- [DATA IN THIS EXERCISE]
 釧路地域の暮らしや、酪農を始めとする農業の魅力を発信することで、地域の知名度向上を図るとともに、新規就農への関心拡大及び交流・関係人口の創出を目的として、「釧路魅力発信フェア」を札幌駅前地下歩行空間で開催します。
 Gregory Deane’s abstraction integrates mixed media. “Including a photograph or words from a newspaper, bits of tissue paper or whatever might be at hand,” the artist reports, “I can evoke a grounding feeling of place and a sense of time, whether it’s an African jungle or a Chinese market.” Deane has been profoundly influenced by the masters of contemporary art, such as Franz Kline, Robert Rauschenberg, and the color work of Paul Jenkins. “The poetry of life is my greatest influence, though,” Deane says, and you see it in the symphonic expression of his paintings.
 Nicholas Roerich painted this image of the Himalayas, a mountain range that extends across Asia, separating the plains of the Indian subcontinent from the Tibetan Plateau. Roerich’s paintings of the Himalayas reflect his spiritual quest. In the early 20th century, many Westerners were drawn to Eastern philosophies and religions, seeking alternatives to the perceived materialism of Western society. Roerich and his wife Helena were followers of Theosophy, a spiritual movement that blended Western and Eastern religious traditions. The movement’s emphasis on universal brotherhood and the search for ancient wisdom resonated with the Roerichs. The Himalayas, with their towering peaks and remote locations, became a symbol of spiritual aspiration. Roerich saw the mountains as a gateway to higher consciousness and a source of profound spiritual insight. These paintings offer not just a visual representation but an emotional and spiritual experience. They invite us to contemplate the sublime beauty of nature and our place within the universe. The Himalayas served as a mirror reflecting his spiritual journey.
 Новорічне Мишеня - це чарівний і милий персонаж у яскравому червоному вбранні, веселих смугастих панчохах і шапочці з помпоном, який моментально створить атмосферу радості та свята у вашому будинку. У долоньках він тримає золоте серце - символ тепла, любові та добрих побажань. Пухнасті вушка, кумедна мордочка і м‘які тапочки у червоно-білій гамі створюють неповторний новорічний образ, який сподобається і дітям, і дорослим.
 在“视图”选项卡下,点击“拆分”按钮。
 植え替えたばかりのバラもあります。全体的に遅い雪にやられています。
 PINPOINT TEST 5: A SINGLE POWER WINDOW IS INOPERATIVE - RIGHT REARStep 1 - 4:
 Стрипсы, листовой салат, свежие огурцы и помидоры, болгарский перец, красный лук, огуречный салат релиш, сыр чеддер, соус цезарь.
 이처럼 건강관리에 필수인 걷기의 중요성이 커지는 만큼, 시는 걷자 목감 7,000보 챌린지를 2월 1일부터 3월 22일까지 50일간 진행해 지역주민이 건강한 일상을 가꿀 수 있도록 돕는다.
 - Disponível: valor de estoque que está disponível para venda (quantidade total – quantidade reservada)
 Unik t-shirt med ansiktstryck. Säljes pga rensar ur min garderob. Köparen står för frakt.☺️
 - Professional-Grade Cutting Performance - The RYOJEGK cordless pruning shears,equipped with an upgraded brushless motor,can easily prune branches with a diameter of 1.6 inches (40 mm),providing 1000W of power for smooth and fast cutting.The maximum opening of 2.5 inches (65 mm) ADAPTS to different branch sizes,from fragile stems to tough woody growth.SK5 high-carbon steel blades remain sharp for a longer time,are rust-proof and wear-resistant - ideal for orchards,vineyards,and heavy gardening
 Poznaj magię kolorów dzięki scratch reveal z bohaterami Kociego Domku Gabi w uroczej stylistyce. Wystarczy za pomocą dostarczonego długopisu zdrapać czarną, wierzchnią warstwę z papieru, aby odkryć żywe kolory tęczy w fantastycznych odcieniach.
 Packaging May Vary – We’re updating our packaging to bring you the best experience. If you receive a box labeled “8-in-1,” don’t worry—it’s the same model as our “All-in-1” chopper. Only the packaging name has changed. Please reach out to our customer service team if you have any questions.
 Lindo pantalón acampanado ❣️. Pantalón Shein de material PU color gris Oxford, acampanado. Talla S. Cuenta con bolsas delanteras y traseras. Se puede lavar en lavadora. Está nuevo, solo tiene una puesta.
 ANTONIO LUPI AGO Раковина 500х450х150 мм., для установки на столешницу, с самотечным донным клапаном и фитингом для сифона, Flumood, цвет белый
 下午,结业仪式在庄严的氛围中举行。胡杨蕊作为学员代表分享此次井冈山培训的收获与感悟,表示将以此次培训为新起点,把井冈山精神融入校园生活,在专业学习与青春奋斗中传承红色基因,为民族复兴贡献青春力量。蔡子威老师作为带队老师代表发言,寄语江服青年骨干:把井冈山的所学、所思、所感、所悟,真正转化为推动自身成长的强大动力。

- [EXERCISE BRIEF] Retype the listing above, exactly and in full.

- [RESPONSE BELOW]
 釧路地域の暮らしや、酪農を始めとする農業の魅力を発信することで、地域の知名度向上を図るとともに、新規就農への関心拡大及び交流・関係人口の創出を目的として、「釧路魅力発信フェア」を札幌駅前地下歩行空間で開催します。
 Gregory Deane’s abstraction integrates mixed media. “Including a photograph or words from a newspaper, bits of tissue paper or whatever might be at hand,” the artist reports, “I can evoke a grounding feeling of place and a sense of time, whether it’s an African jungle or a Chinese market.” Deane has been profoundly influenced by the masters of contemporary art, such as Franz Kline, Robert Rauschenberg, and the color work of Paul Jenkins. “The poetry of life is my greatest influence, though,” Deane says, and you see it in the symphonic expression of his paintings.
 Nicholas Roerich painted this image of the Himalayas, a mountain range that extends across Asia, separating the plains of the Indian subcontinent from the Tibetan Plateau. Roerich’s paintings of the Himalayas reflect his spiritual quest. In the early 20th century, many Westerners were drawn to Eastern philosophies and religions, seeking alternatives to the perceived materialism of Western society. Roerich and his wife Helena were followers of Theosophy, a spiritual movement that blended Western and Eastern religious traditions. The movement’s emphasis on universal brotherhood and the search for ancient wisdom resonated with the Roerichs. The Himalayas, with their towering peaks and remote locations, became a symbol of spiritual aspiration. Roerich saw the mountains as a gateway to higher consciousness and a source of profound spiritual insight. These paintings offer not just a visual representation but an emotional and spiritual experience. They invite us to contemplate the sublime beauty of nature and our place within the universe. The Himalayas served as a mirror reflecting his spiritual journey.
 Новорічне Мишеня - це чарівний і милий персонаж у яскравому червоному вбранні, веселих смугастих панчохах і шапочці з помпоном, який моментально створить атмосферу радості та свята у вашому будинку. У долоньках він тримає золоте серце - символ тепла, любові та добрих побажань. Пухнасті вушка, кумедна мордочка і м‘які тапочки у червоно-білій гамі створюють неповторний новорічний образ, який сподобається і дітям, і дорослим.
 在“视图”选项卡下,点击“拆分”按钮。
 植え替えたばかりのバラもあります。全体的に遅い雪にやられています。
 PINPOINT TEST 5: A SINGLE POWER WINDOW IS INOPERATIVE - RIGHT REARStep 1 - 4:
 Стрипсы, листовой салат, свежие огурцы и помидоры, болгарский перец, красный лук, огуречный салат релиш, сыр чеддер, соус цезарь.
 이처럼 건강관리에 필수인 걷기의 중요성이 커지는 만큼, 시는 걷자 목감 7,000보 챌린지를 2월 1일부터 3월 22일까지 50일간 진행해 지역주민이 건강한 일상을 가꿀 수 있도록 돕는다.
 - Disponível: valor de estoque que está disponível para venda (quantidade total – quantidade reservada)
 Unik t-shirt med ansiktstryck. Säljes pga rensar ur min garderob. Köparen står för frakt.☺️
 - Professional-Grade Cutting Performance - The RYOJEGK cordless pruning shears,equipped with an upgraded brushless motor,can easily prune branches with a diameter of 1.6 inches (40 mm),providing 1000W of power for smooth and fast cutting.The maximum opening of 2.5 inches (65 mm) ADAPTS to different branch sizes,from fragile stems to tough woody growth.SK5 high-carbon steel blades remain sharp for a longer time,are rust-proof and wear-resistant - ideal for orchards,vineyards,and heavy gardening
 Poznaj magię kolorów dzięki scratch reveal z bohaterami Kociego Domku Gabi w uroczej stylistyce. Wystarczy za pomocą dostarczonego długopisu zdrapać czarną, wierzchnią warstwę z papieru, aby odkryć żywe kolory tęczy w fantastycznych odcieniach.
 Packaging May Vary – We’re updating our packaging to bring you the best experience. If you receive a box labeled “8-in-1,” don’t worry—it’s the same model as our “All-in-1” chopper. Only the packaging name has changed. Please reach out to our customer service team if you have any questions.
 Lindo pantalón acampanado ❣️. Pantalón Shein de material PU color gris Oxford, acampanado. Talla S. Cuenta con bolsas delanteras y traseras. Se puede lavar en lavadora. Está nuevo, solo tiene una puesta.
 ANTONIO LUPI AGO Раковина 500х450х150 мм., для установки на столешницу, с самотечным донным клапаном и фитингом для сифона, Flumood, цвет белый
 下午,结业仪式在庄严的氛围中举行。胡杨蕊作为学员代表分享此次井冈山培训的收获与感悟,表示将以此次培训为新起点,把井冈山精神融入校园生活,在专业学习与青春奋斗中传承红色基因,为民族复兴贡献青春力量。蔡子威老师作为带队老师代表发言,寄语江服青年骨干:把井冈山的所学、所思、所感、所悟,真正转化为推动自身成长的强大动力。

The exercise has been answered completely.